「主体的・対話的で深い学び」の「主体的な学び」*1とは?と聞いてみると,「自ら進んで学習に取り組む。」と答えるのが一般的だ。
私は学習において,3つの場面での「主体的学び」があると考えている。
- 学習過程
- 目標設定
- 学習結果
の3点である。
「学習過程における主体的な学び」とは,一般的に考えられる「自ら進んで課題に取り組んでいる」ということだ。授業中嫌々取り組むのではなく,その学習の必要性を感じ,強制されるのではなく,取り組んでいる姿が「主体的な学び」だ。教師側から見ると,これほどすばらしい学習の姿はない。とても理想的だ。教室内のみんながそうなってほしい。と願う。「主体的に学べ!」と言いたくなる。でも,言った時点で「主体的な学び」ではなくなる。
多くの教師が第1に上げるこの「主体性」は,実はこれだけでは成立しないものである。このような学習者の姿になるためには,次の「目標設定の主体性」が必要になってくる。
「目標設定の主体性」とは,課題が与えられ,学習者は学習方法や自らの目標を決められることができるということだ。課題に到達するために,まずは何をクリアすべきなのか(目標設定),どのような方法を使ったら,自分はその課題を解決することが出来るのかを考え,決めることができるということだ。
教師がやり方を決めたり,細かい目標設定をして,必ずそこをクリアすることを求めると,途端に学習者はやる気が無くなる。やる気以前に,やり方を決定したら,学習過程の主体性自体も自然と消滅するのは必然だろう。

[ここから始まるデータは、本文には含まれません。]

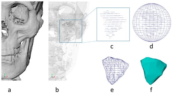 Surface reconstruction of a lateral pterygoid muscle and skull. The lateral pterygoid muscle and skull were initially surface reconstructed (a). The skull is transparent to reveal the initial surface models of the lateral pterygoid muscles (b). The initial surface models of the lateral pterygoid muscles (c). A polyhedron was made (d) and formed around the initial surface models of the lateral pterygoid (e). Then, the surface model of the lateral pterygoid was realistically and smoothly reconstructed (f). (Maya, version 2022, www.autodesk.com, accessed on 28 August 2021).

教師が課題を設定し,学習者がやり方を選び,各自最適な方法で課題に向かうということで,学習過程,目標設定の主体性が生まれてくる。
そして最後の「学習結果の主体性」だが,課題がクリアしたときに,それまでの学習の意味を自ら見つけられるということだ。学習者が同じ課題をクリアしたとしても,学習者は個々にその課題の意味の受け取り方が違っていいものだ。

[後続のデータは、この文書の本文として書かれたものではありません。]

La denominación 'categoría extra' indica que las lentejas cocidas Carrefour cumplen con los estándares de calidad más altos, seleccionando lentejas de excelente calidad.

ある学習者は言語活動の重要性を知り,言語の意味を見つけ,ある学習者は仲間と繋がることの重要性を知り,ある学習者は自然現象を理解する上で,自分の書けている部分を知る……ということは,1時間の授業のうちに起こりうることである。いや,起こって欲しいことであり,教師はそこを目指さなければならないと思う。
1時間の授業で,全員が同じ受け取り方を教師が求めてしまうと,その次の学びに繋がらない。「その次の学び」こそが「深い学び」に繋がるものである*2。
つまり,「意味は自分で見つける」ということだ。意味を自分で見つけられる指導,授業を仕組んでいくことで,「主体的・対話的で深い学び」を実現することが出来る。